Critically, we show overlap between these genetic associations of normal immune homeostasis with previously-established autoimmune and infectious disease associations. This rich database provides a vital, publicly accessible bioresource as a bridge between genetic and immune discoveries that will expedite the identification of disease mechanisms in autoimmunity and infection.

Results

Subjects

The discovery stage comprised 497 female participants from the UK Adult Twin Register (TwinsUK). There were 75 complete monozygotic (MZ) twin pairs, 170 dizygotic (DZ) pairs, and 7 singletons (arising from QC failures in one co-twin). The mean age was 61.4 years (range: 40–77). The replication stage comprised a further 172 participants, mean age 58.2 years (range: 32–83), with 46 MZ, 118 DZ, and 8 singletons. We stained cryopreserved PBMC from each, using a set of seven 14-color immunophenotyping panels that delineate a large range of immune subsets (Figures 1A, S13). Immune traits analysed included the cell subset frequency (CSF, i.e., the proportionate representation of a given phenotype) and the surface protein expression level (SPEL, i.e., a quantitative measure of gene expression on a per-cell basis). The variability of all traits was assessed using longitudinal sampling on a small cohort of individuals as described in the Methods; of the 50,000 traits meeting the first filter criterion (Figure S4), the mean covariance across samples drawn 6 months apart is 0.86. All trait values and summary analyses including variability are available for download. Data and statistical analysis of the discovery stage was completed per a pre-defined statistical analysis plan before samples from the replication stage were thawed.

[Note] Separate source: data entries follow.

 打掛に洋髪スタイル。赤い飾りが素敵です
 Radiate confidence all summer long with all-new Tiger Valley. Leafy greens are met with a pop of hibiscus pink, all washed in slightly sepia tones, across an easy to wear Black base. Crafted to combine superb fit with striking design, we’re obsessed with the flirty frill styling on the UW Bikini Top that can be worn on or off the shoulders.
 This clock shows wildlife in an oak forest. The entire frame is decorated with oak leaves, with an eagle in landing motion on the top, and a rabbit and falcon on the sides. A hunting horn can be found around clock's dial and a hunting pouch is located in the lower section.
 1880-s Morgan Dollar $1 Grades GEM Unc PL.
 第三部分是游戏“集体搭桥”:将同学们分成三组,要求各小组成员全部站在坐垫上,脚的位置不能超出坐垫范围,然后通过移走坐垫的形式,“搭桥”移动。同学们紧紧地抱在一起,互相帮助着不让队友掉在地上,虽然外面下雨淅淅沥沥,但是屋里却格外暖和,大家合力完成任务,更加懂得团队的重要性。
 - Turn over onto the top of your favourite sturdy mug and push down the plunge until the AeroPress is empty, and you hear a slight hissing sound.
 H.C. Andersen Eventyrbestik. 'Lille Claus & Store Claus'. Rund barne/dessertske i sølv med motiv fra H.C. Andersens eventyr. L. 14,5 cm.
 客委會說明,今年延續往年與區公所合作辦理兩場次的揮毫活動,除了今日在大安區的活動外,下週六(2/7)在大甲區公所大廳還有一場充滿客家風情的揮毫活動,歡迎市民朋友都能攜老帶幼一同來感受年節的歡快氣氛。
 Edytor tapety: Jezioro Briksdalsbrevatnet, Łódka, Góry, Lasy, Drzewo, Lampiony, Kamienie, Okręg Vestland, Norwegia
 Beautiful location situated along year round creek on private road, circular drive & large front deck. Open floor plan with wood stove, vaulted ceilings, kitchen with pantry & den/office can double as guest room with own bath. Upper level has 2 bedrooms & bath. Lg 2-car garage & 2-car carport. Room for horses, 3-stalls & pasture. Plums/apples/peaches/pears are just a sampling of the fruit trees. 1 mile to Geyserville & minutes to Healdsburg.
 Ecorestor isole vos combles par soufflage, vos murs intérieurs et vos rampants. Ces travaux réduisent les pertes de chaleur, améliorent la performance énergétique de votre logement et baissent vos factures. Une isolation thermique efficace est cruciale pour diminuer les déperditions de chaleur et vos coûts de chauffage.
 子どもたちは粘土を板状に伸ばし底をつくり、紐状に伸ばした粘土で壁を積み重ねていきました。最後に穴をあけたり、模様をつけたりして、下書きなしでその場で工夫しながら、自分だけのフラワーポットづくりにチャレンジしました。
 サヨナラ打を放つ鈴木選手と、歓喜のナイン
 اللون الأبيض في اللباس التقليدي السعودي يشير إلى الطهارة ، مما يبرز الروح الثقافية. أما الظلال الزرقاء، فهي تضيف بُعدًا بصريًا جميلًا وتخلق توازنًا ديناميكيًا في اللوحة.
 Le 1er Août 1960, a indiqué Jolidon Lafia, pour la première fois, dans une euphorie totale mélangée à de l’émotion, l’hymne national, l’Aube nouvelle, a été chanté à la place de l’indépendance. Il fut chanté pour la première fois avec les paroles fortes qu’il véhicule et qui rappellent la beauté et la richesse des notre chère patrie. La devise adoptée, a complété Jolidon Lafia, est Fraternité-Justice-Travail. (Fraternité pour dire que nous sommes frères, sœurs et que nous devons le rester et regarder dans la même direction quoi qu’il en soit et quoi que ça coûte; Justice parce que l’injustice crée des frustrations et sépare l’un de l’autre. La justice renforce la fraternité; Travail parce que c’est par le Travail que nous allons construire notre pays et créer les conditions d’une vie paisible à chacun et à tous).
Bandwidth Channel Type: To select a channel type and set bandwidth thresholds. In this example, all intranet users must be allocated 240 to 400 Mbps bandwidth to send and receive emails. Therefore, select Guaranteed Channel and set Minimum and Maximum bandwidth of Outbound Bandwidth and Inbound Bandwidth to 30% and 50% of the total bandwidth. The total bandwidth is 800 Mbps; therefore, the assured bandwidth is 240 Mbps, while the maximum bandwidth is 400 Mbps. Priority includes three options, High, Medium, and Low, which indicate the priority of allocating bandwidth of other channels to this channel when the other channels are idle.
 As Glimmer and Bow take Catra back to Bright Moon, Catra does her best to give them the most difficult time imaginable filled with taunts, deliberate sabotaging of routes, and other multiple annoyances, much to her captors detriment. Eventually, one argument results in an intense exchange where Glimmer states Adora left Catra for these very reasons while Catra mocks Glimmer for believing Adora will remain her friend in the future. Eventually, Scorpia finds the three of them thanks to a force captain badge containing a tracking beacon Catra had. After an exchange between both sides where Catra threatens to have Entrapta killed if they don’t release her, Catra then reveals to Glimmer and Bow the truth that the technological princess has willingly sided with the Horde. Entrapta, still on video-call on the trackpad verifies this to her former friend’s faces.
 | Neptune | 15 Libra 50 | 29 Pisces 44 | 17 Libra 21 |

Figure 1. Schematic representation of leukocyte populations analyzed and summary Manhattan plot.

Figure 1

(A) This diagram illustrates the approach to analyzing the immunophenotyping data obtained by flow cytometry. It is not meant to convey differentiation stages of leukocyte populations though that property is largely reflected in this diagram. Each “lineage” of a subset of leukocytes was identified through hierarchical gating. Within each of these lineages, all possible combinations of markers with heterogeneous expression within the lineage were analyzed. The number of subsets identified by this combinatorial approach is shown in various lineages; the trait analyzed was the cell subset frequency (CSF) within its parent lineage. In addition, the cell surface protein expression level (SPEL) was quantified by the median fluorescence intensity of the antibody staining on a given cell subset; the number of SPEL traits is indicated as well. (B, C) Summary Manhattan plots: Green dots: genome-wide significant associations (P<5×10−8). The red line indicates the significance threshold of P<3.3×10−10, which corresponds to the standard genome wide threshold after further adjustment for 151 independent tests. The variants shown are MAF≥0.1, Call rate ≥0.9, HWE P-value ≥1×10−8. Shown are separate plots for SPEL associations (B) and CSF associations (C).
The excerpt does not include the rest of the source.